A protein polypeptide chain exists in α-helical conformation in a solvent and it has a value of -30,000 deg cm2 dmol-1 for the mean residue ellipiticity at 222 nm ([θ]222) in the temperature range 20-50°C. On raising the temperature above 50°C,[θ]222 increases and reaches a value of -2,000 deg cm 2 dmol-1 at 70°C and the value of [θ]222 remains unchanged above 70°C. The observed value of [θ]222 is -14,000 deg cm 2dmol-1 at 60°C. If one assumes that the heat-induced denaturation is a two-state process, the fraction of α-helix at 60°C is
To calculate the fraction of α-helix at 60°C, we can use the following formula:
Fraction of α-helix = ([θ]obs - [θ]random) / ([θ]helix - [θ]random)
Given values:
[θ]obs = -14,000 deg cm2 dmol-1 at 60°C
[θ]random = 0 deg cm2 dmol-1 (assuming completely random coil conformation)
[θ]helix = -30,000 deg cm2 dmol-1 (at 20-50°C)
Plug in the values:
Fraction of α-helix = (-14,000 - 0) / (-30,000 - 0) = 14,000 / 30,000 ≈ 0.467
Therefore, the fraction of α-helix at 60°C is approximately 0.467 or 46.7%.
Thanks.
To determine the fraction of α-helix at 60°C, we can use the information provided regarding the change in mean residue ellipticity ([θ]222) with temperature.
First, let's define the two states involved in the heat-induced denaturation process:
State 1: Native (α-helical conformation)
State 2: Denatured (non-α-helical conformation)
Given that the heat-induced denaturation is a two-state process, we can assume that the transition from State 1 to State 2 occurs at a specific temperature, which we'll refer to as Tm.
Now, let's analyze the provided information step by step:
1. At 20-50°C:
- [θ]222 is -30,000 deg cm2 dmol-1.
- This represents the mean residue ellipticity for the α-helical conformation (State 1).
2. At 50°C:
- [θ]222 is not specified, but we know that the value changes as we raise the temperature above 50°C.
- This indicates that the transition from State 1 to State 2 occurs at a temperature higher than 50°C.
3. At 70°C:
- [θ]222 is -2,000 deg cm2 dmol-1.
- At this temperature, the denaturation process is complete, and the protein is fully in the denatured state (State 2).
4. At 60°C:
- [θ]222 is -14,000 deg cm2 dmol-1.
- We need to determine the fraction of α-helix at this temperature.

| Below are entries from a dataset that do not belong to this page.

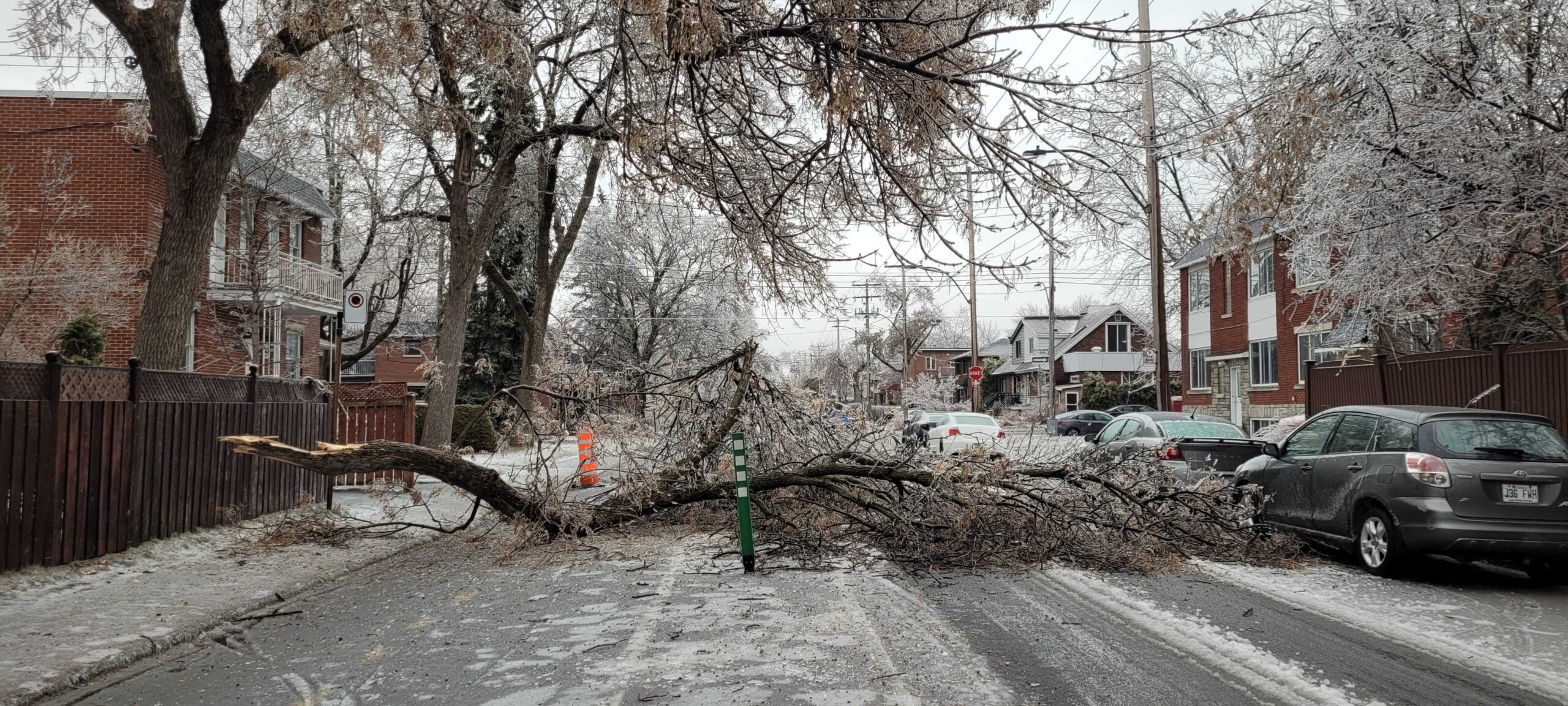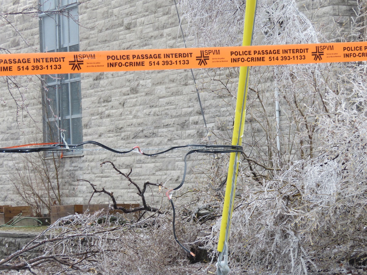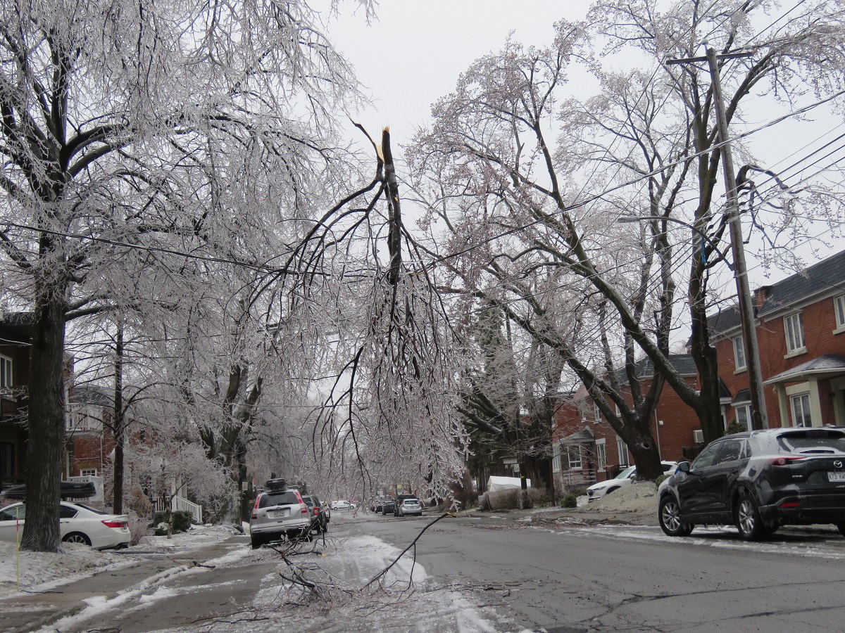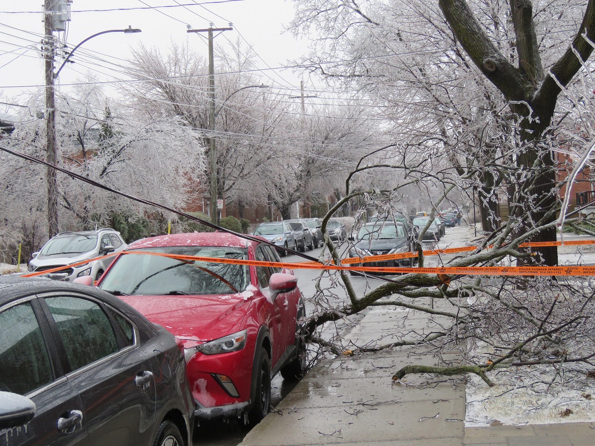 Le verglas a fortement endommagé les arbres, nombreux et vieillissants à Ahuntsic-Cartierville, causant des bris et des chutes de branches, avec les conséquences que l’on connaît: fils électriques et transformateurs cassés causant des pannes de courant, rues et terrains jonchés de débris, feux de circulation éteints, personnes blessées, maisons et voitures endommagées, écoles, bibliothèques et commerces fermés…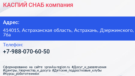 КАСПИЙ-СНАБ, компания по адресу 414015, Астраханская область, Астрахань, Дзержинского, 76а в дальнейшем Организация, размещена в следующих категориях: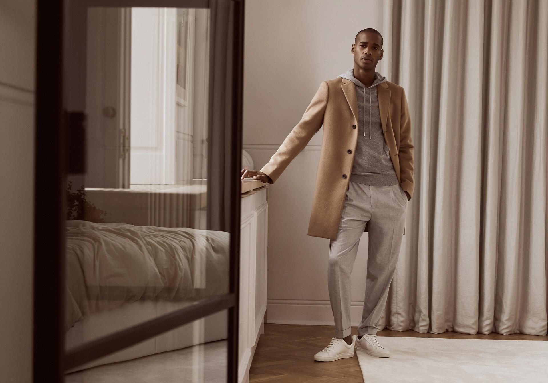 Consider this a simple, comfortable weekend look you can easily replicate. Box fresh trainers and a slick crombie coat elevate relaxed trousers and a cashmere hoodie.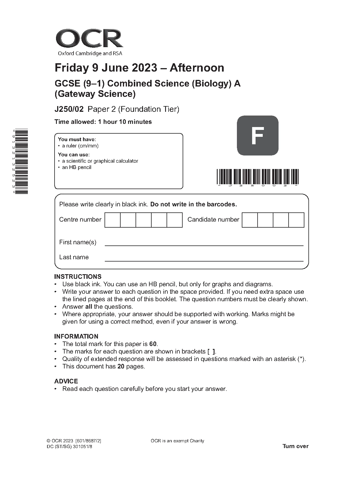 OCR GCSE Combined Science (Biology) A PAPER 2 QUESTION PAPER 2023 (J250/02: Foundation Tier). OCR GCSE Combined Science (Biology) A PAPER 2 QUESTION PAPER 2023 (J250/02: Foundation Tier) OCR GCSE Question Papers and Mark Schemes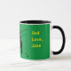 A caneca dia de os pais com pai e filho pescando fora do cais pode ser personalizada com o nome do filho.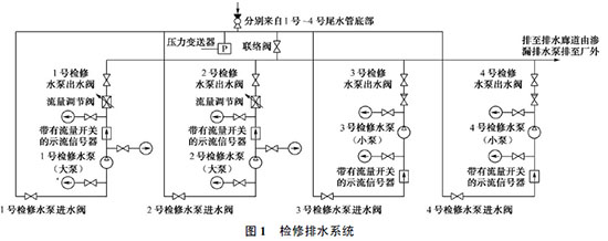 桐柏電站的檢修排水系統(tǒng), 共設4 臺排水泵, 如圖1 所示, 1 號、2 號檢修水泵(大泵)用于排空引水隧洞、蝸殼、尾水管、尾水隧洞內的水;3 號、4 號檢修水泵(小泵)用于球閥、上下庫閘門等的滲漏排水。每臺檢修水泵均配置逆止閥、壓力表和帶流量開關的示流信號器, 在1 號、2 號水泵出水管處各安裝了一個流量調節(jié)閥。系統(tǒng)中共有2 根總管, 一根為水泵的總吸水管, 包括從每臺機組尾水管底部至總管的支管, 總吸水管和部分支管及管路上的操作閥門布置在廠房管路廊道中;另一根為總排水管, 可將水排至滲漏集水井中, 再經滲漏排水泵排至下庫。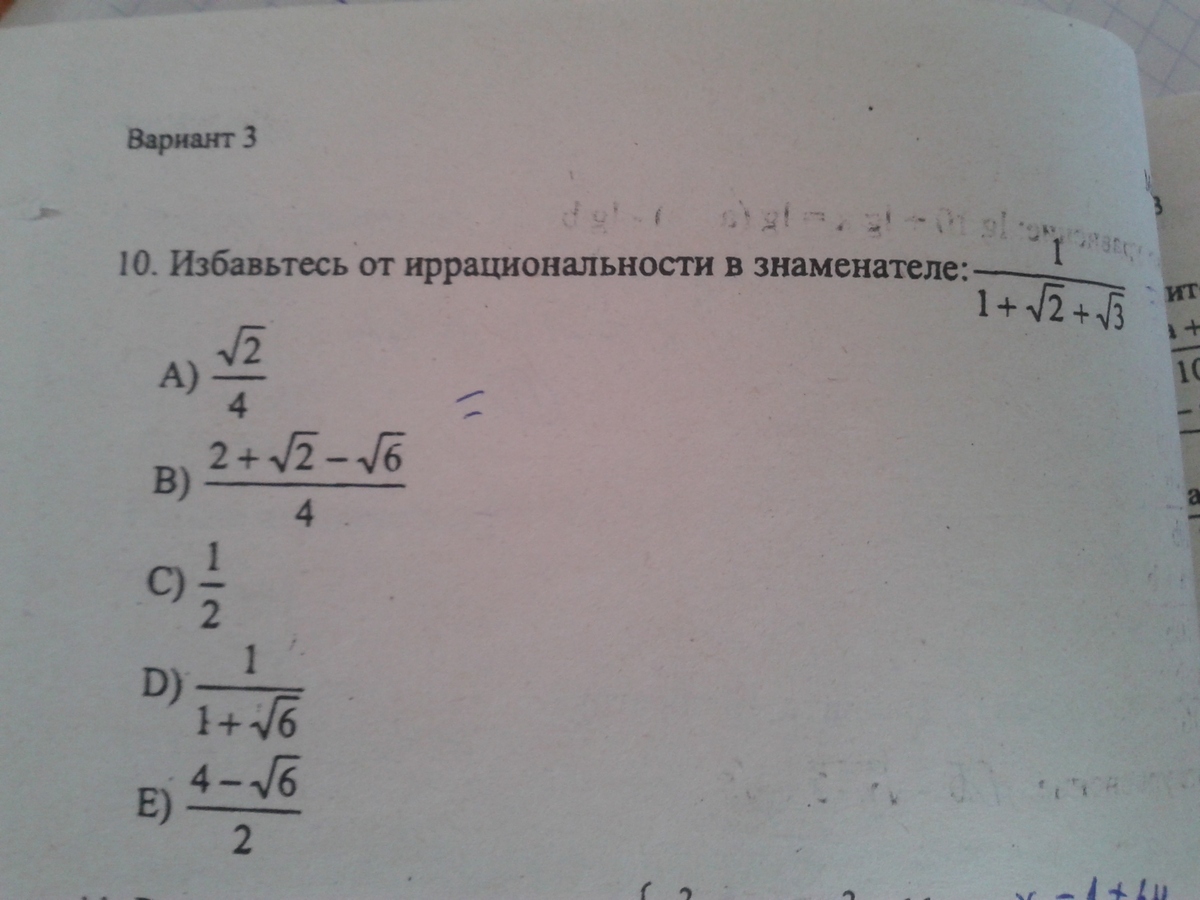 (1+sqrt(2)-sqrt(3))/2sqrt(2)=(sqrt(2)+2-sqrt(6))/4 ответ B)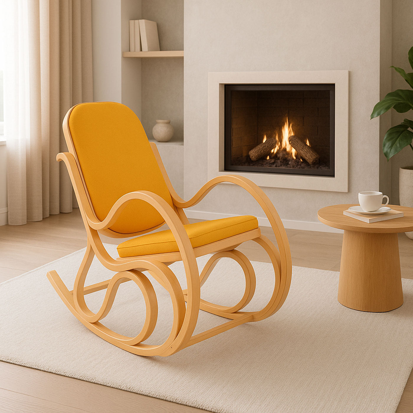 Cosmo Casa - Schommelstoel - TV-Stoel met Armleuningen - Massief Hout - Eikenlook - Geel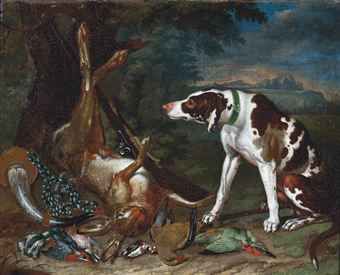 | A pointer with a hare, a musket, a hunting horn, finches and other birds, in a landscape | |
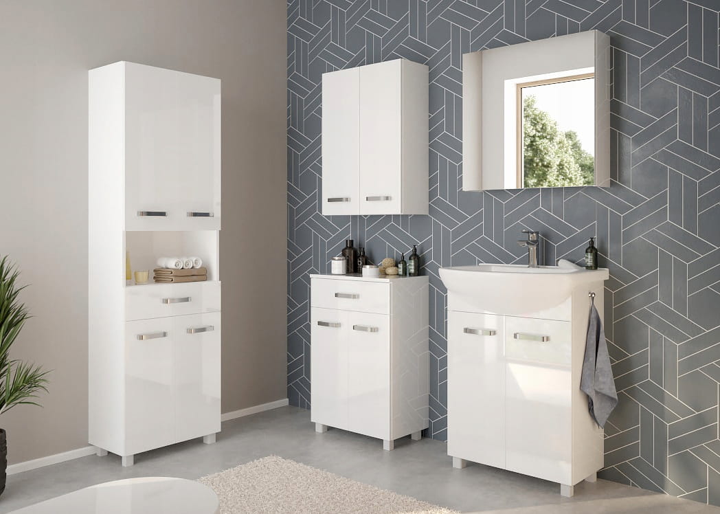 Mila-setti ei ainoastaan laajentaa tilaa visuaalisesti, vaan tarjoaa myös lisää säilytystilaa. Universaalin värinsä ja modernin muotoilunsa ansiostakylpyhuoneen kaappisopii täydellisesti useimpiin sisätiloihin harmonisoituen laattojen ja kalusteiden kanssa.
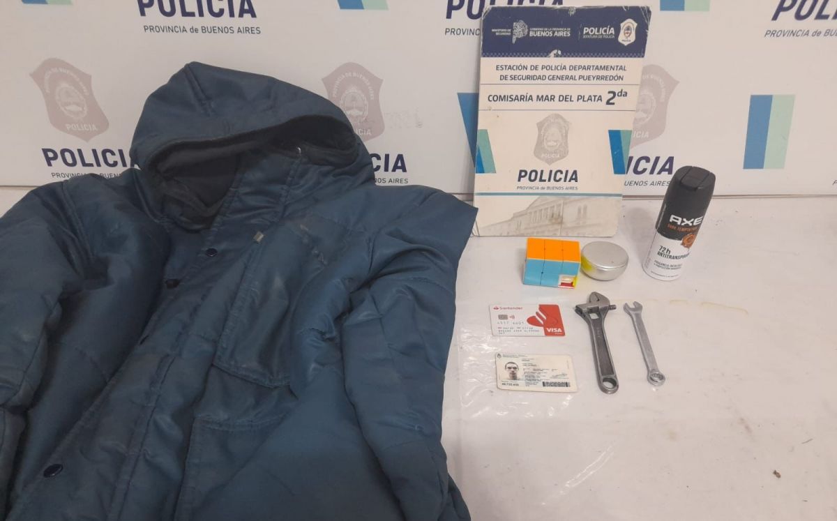 Seguidamente, los efectivos aprehendieron a un joven de 21 años que se encontraba en esa zona y tenía consigo una campera; un desodorante; auriculares; un cubo Rubik; DNI y tarjeta de débito perteneciente a la víctima y dos llaves francesas.

Now, let's calculate the fraction of α-helix at 60°C using the following equation:
Fraction of α-helix = ([θ]222 - [θ]222,d) / ([θ]222,n - [θ]222,d)
Where:
- [θ]222 is the observed mean residue ellipticity at 60°C (-14,000 deg cm2 dmol-1).
- [θ]222,d is the mean residue ellipticity of the denatured state at 70°C (-2,000 deg cm2 dmol-1).
- [θ]222,n is the mean residue ellipticity of the native state at 20-50°C (-30,000 deg cm2 dmol-1).
Plugging in the known values:
Fraction of α-helix = (-14,000 - (-2,000)) / (-30,000 - (-2,000))
Fraction of α-helix = -12,000 / -28,000
Fraction of α-helix = 0.43 (rounded to two decimal places)
Therefore, the fraction of α-helix at 60°C is approximately 0.43 or 43%.